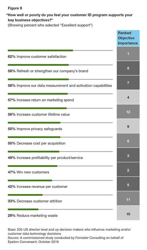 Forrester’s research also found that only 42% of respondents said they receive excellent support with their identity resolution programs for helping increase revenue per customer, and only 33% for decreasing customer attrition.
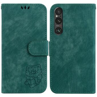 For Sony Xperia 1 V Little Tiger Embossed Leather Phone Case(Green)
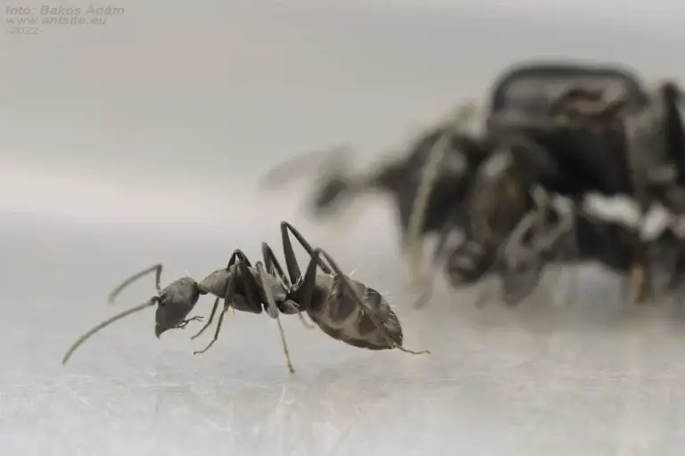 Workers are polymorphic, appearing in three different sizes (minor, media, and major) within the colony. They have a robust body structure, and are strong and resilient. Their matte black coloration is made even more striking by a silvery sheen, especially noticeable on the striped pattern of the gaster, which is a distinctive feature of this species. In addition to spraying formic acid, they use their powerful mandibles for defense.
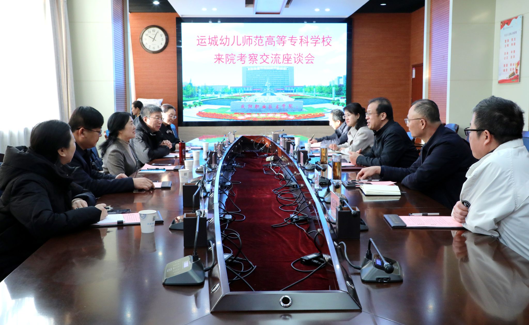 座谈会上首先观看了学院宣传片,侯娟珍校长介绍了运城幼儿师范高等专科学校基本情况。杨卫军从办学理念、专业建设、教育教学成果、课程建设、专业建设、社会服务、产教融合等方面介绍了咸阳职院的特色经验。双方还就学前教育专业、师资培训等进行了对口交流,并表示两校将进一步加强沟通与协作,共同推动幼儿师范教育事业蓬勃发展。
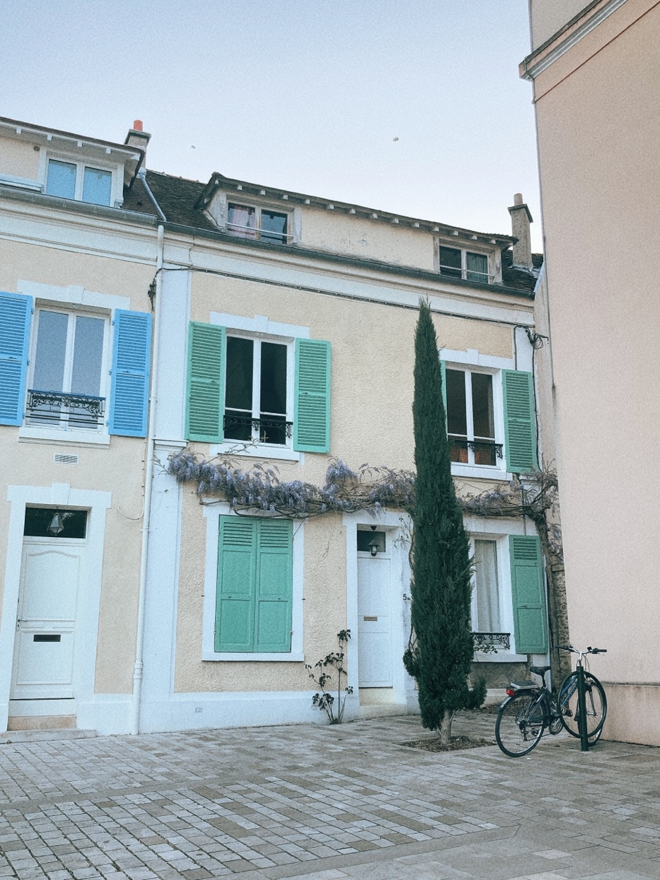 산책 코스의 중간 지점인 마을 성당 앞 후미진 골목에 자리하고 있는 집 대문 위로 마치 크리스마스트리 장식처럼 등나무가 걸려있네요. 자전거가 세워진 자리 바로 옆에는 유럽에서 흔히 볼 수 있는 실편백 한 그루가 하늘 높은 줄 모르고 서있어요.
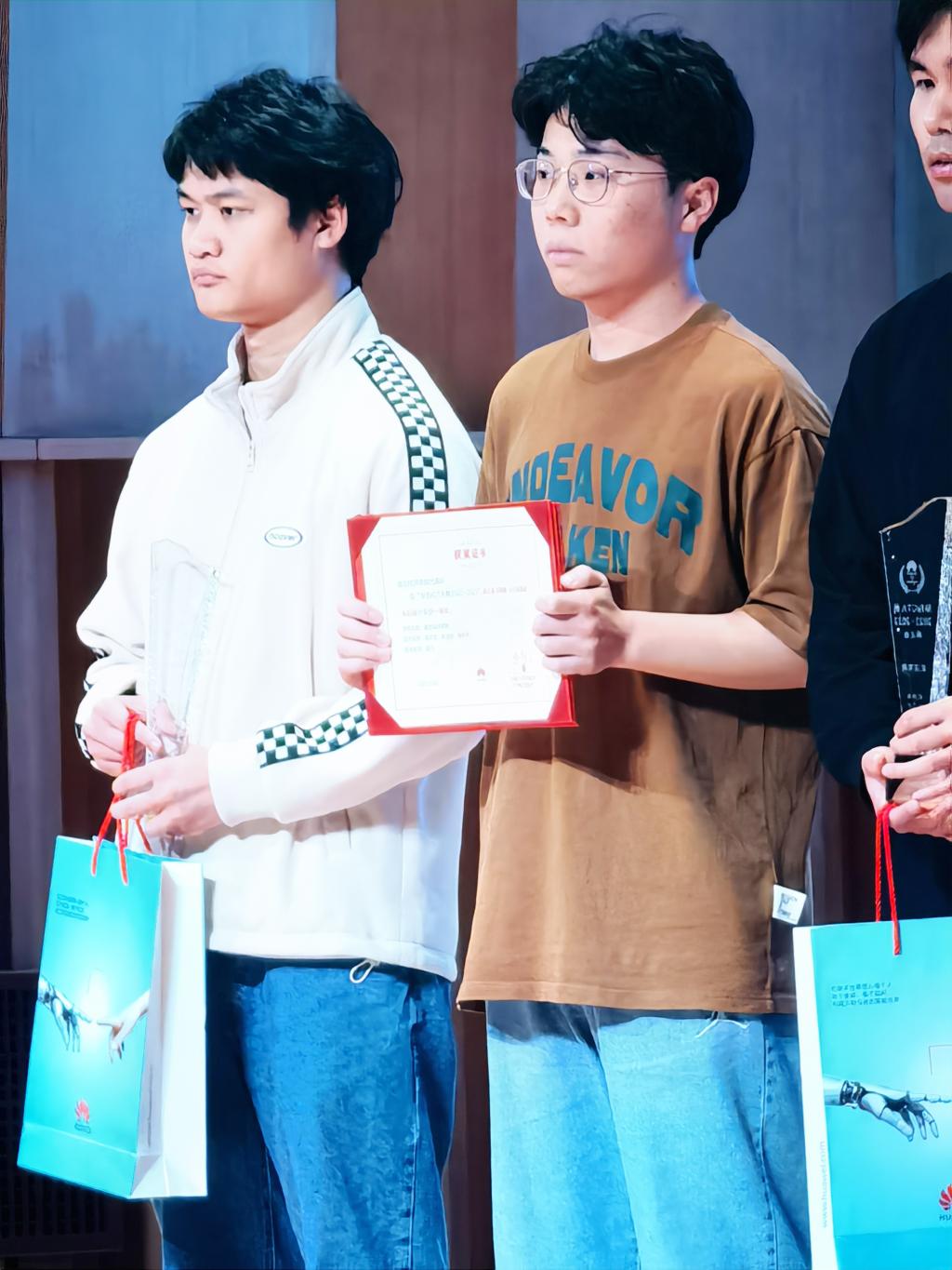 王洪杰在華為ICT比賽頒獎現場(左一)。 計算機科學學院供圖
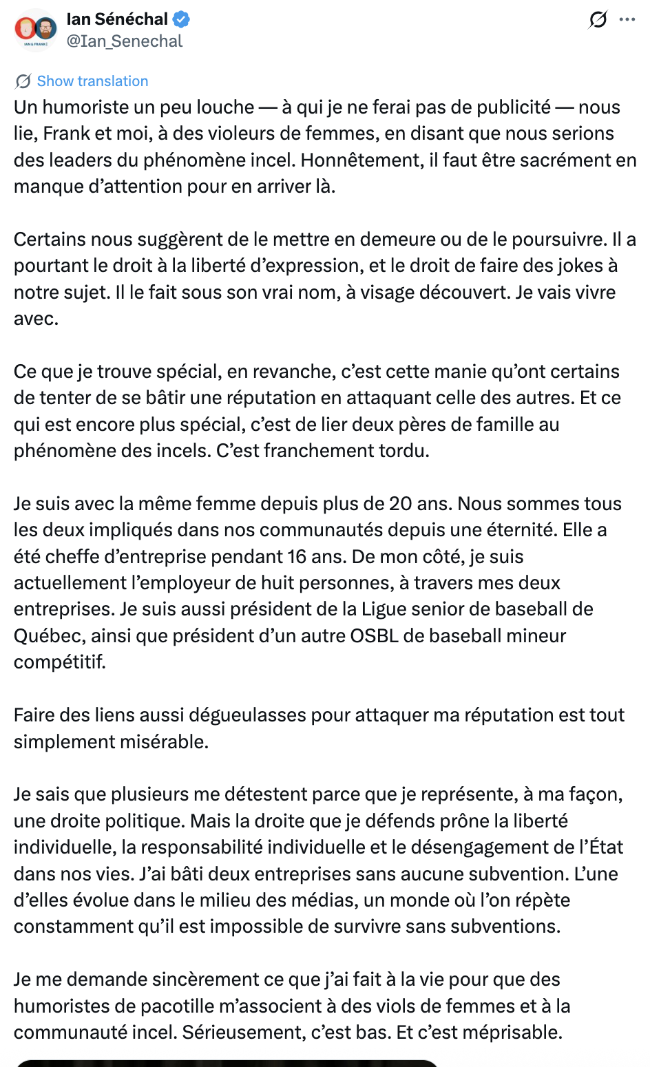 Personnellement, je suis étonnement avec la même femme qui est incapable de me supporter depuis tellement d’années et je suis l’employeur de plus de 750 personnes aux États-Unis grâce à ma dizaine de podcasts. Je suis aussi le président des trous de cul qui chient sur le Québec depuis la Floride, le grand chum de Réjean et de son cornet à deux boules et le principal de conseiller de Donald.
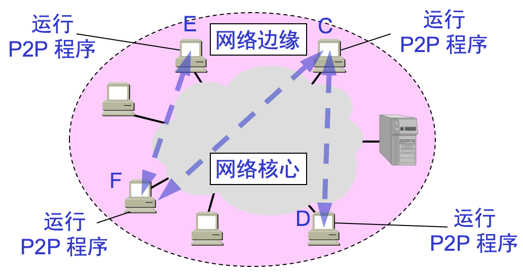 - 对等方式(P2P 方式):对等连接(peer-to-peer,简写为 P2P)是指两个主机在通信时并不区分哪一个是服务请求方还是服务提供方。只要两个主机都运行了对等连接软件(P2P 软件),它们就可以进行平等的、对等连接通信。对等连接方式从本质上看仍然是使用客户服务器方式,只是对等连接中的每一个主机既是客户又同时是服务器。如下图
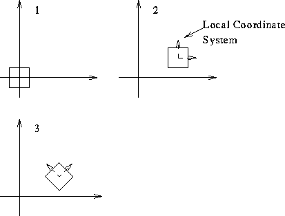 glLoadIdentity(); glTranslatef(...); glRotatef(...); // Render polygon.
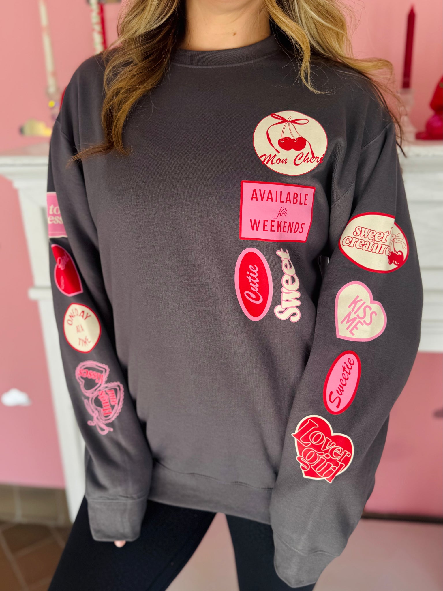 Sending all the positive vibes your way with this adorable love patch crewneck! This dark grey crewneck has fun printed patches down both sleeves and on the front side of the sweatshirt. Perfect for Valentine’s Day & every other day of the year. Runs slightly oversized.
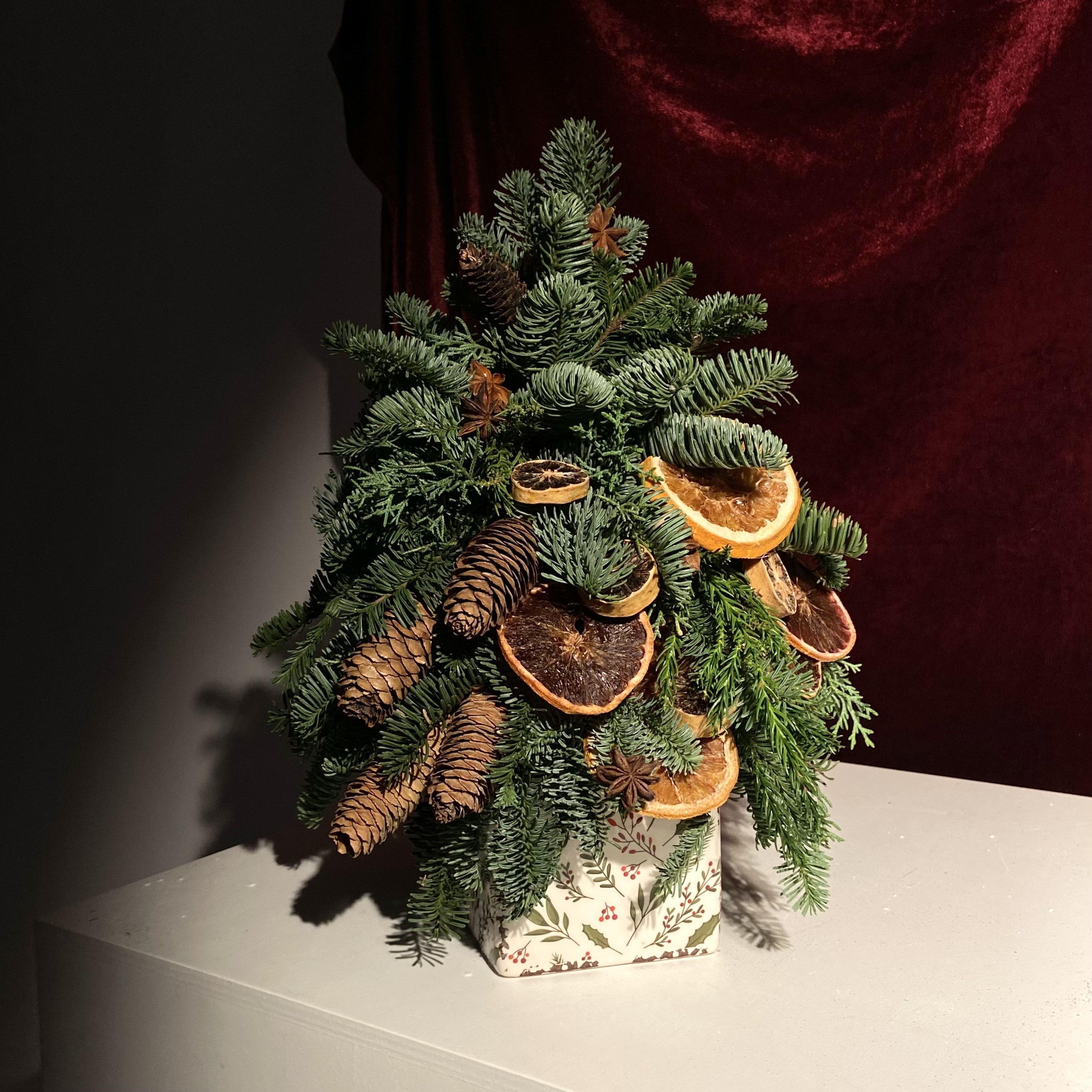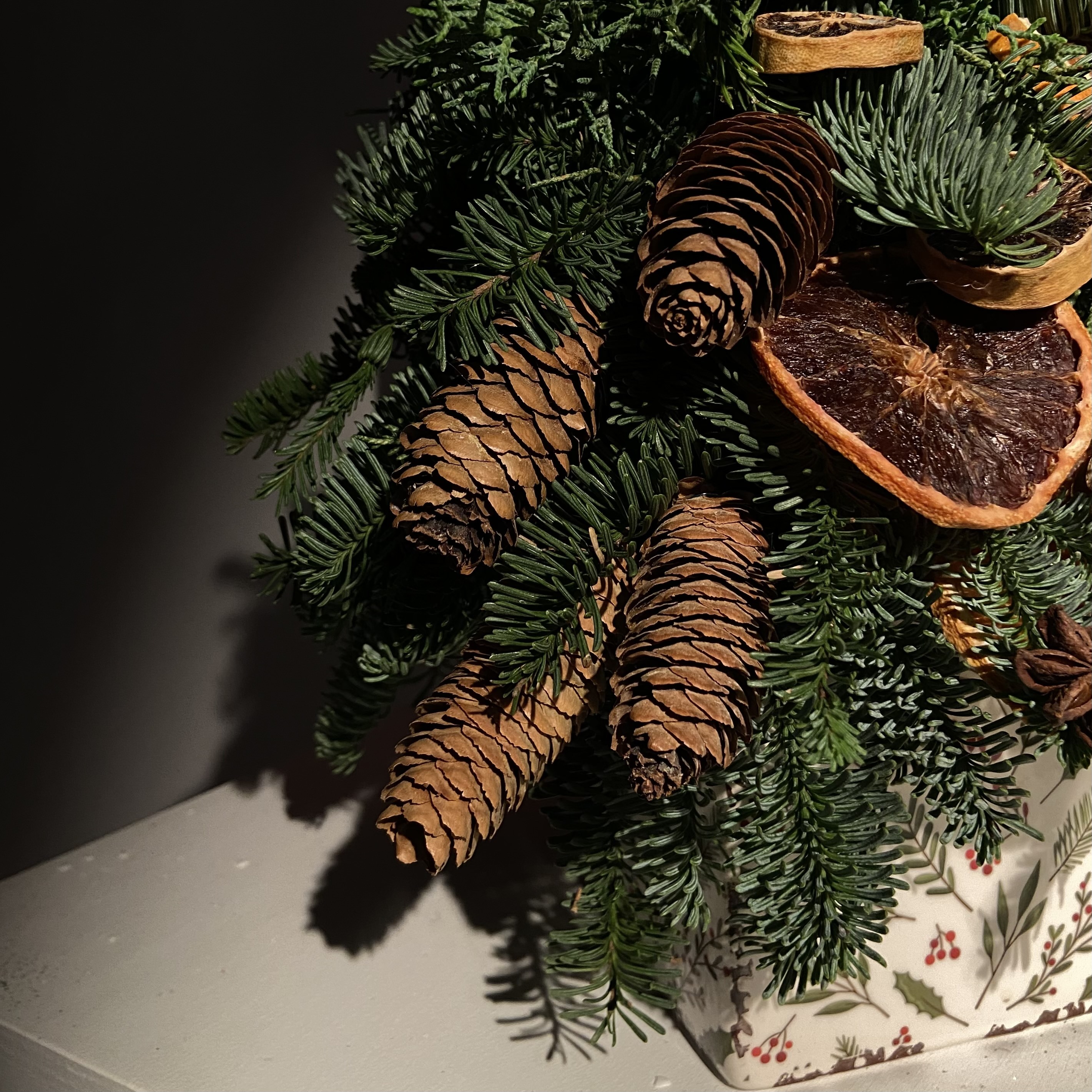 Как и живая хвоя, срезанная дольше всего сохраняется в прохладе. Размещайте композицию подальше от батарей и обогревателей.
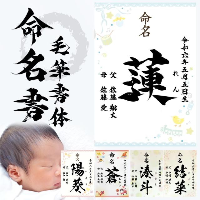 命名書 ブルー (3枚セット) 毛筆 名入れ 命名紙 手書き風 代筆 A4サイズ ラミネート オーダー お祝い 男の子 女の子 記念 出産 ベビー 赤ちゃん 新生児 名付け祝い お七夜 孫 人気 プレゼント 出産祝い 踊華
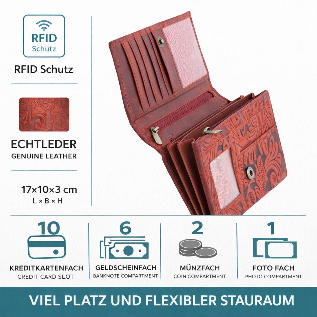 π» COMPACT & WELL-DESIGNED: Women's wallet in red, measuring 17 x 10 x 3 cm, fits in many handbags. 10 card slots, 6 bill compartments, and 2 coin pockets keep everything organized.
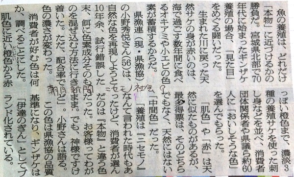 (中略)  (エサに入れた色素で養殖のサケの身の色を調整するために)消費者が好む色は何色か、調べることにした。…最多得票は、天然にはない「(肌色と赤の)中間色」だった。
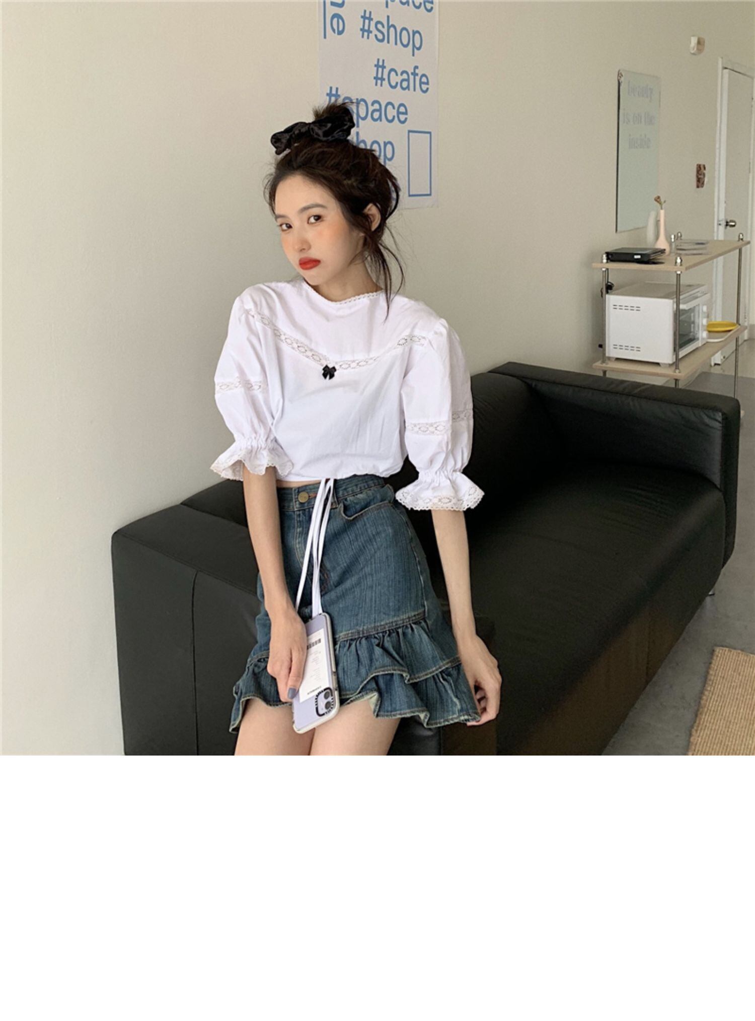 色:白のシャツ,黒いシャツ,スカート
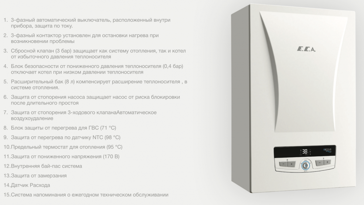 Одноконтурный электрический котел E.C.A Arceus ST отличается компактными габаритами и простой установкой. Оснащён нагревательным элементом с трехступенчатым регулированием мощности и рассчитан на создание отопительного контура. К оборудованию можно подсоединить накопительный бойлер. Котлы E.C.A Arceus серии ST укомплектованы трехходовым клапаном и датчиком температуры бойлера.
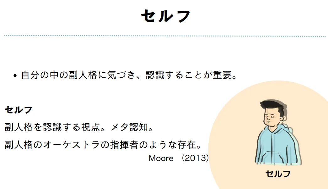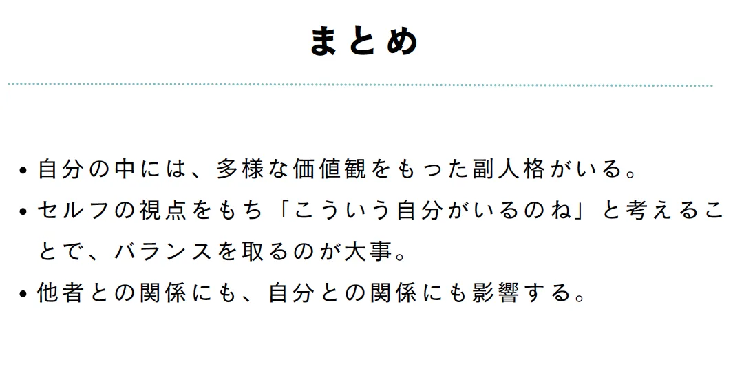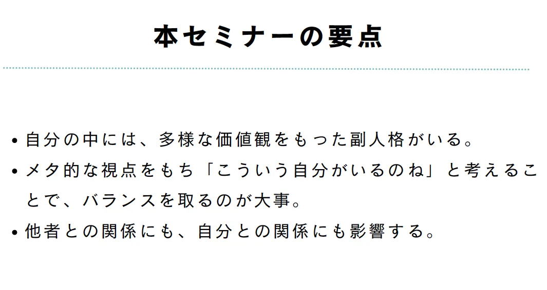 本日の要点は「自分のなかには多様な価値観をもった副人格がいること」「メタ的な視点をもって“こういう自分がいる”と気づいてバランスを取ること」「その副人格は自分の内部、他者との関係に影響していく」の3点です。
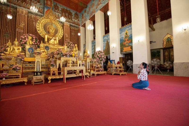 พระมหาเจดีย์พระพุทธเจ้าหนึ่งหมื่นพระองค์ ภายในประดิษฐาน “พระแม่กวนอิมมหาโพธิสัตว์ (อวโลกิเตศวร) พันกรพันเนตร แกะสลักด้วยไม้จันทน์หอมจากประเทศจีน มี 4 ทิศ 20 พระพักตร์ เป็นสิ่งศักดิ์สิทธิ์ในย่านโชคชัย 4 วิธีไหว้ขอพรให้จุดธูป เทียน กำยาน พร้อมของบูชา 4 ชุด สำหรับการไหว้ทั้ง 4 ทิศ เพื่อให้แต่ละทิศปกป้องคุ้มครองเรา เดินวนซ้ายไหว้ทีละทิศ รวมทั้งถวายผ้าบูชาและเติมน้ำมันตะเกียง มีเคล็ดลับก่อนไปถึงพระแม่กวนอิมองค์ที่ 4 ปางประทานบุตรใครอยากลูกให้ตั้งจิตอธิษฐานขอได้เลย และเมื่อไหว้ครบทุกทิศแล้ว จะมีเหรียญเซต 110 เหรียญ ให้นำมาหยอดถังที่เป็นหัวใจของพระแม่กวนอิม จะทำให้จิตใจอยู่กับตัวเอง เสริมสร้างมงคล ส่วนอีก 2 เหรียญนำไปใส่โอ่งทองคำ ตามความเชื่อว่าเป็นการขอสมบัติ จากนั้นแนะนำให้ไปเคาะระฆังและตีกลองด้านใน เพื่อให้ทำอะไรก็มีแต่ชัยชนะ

..........

Directions>
Go down the entries above from the line containing "Как и живая" to the line containing "本日の要点は「自分のなかには" and write out each line exactly, leaving pictures out.

Reply>
 Как и живая хвоя, срезанная дольше всего сохраняется в прохладе. Размещайте композицию подальше от батарей и обогревателей.
 命名書 ブルー (3枚セット) 毛筆 名入れ 命名紙 手書き風 代筆 A4サイズ ラミネート オーダー お祝い 男の子 女の子 記念 出産 ベビー 赤ちゃん 新生児 名付け祝い お七夜 孫 人気 プレゼント 出産祝い 踊華
 π» COMPACT & WELL-DESIGNED: Women's wallet in red, measuring 17 x 10 x 3 cm, fits in many handbags. 10 card slots, 6 bill compartments, and 2 coin pockets keep everything organized.
 (中略)  (エサに入れた色素で養殖のサケの身の色を調整するために)消費者が好む色は何色か、調べることにした。…最多得票は、天然にはない「(肌色と赤の)中間色」だった。
 色:白のシャツ,黒いシャツ,スカート
 Одноконтурный электрический котел E.C.A Arceus ST отличается компактными габаритами и простой установкой. Оснащён нагревательным элементом с трехступенчатым регулированием мощности и рассчитан на создание отопительного контура. К оборудованию можно подсоединить накопительный бойлер. Котлы E.C.A Arceus серии ST укомплектованы трехходовым клапаном и датчиком температуры бойлера.
 本日の要点は「自分のなかには多様な価値観をもった副人格がいること」「メタ的な視点をもって“こういう自分がいる”と気づいてバランスを取ること」「その副人格は自分の内部、他者との関係に影響していく」の3点です。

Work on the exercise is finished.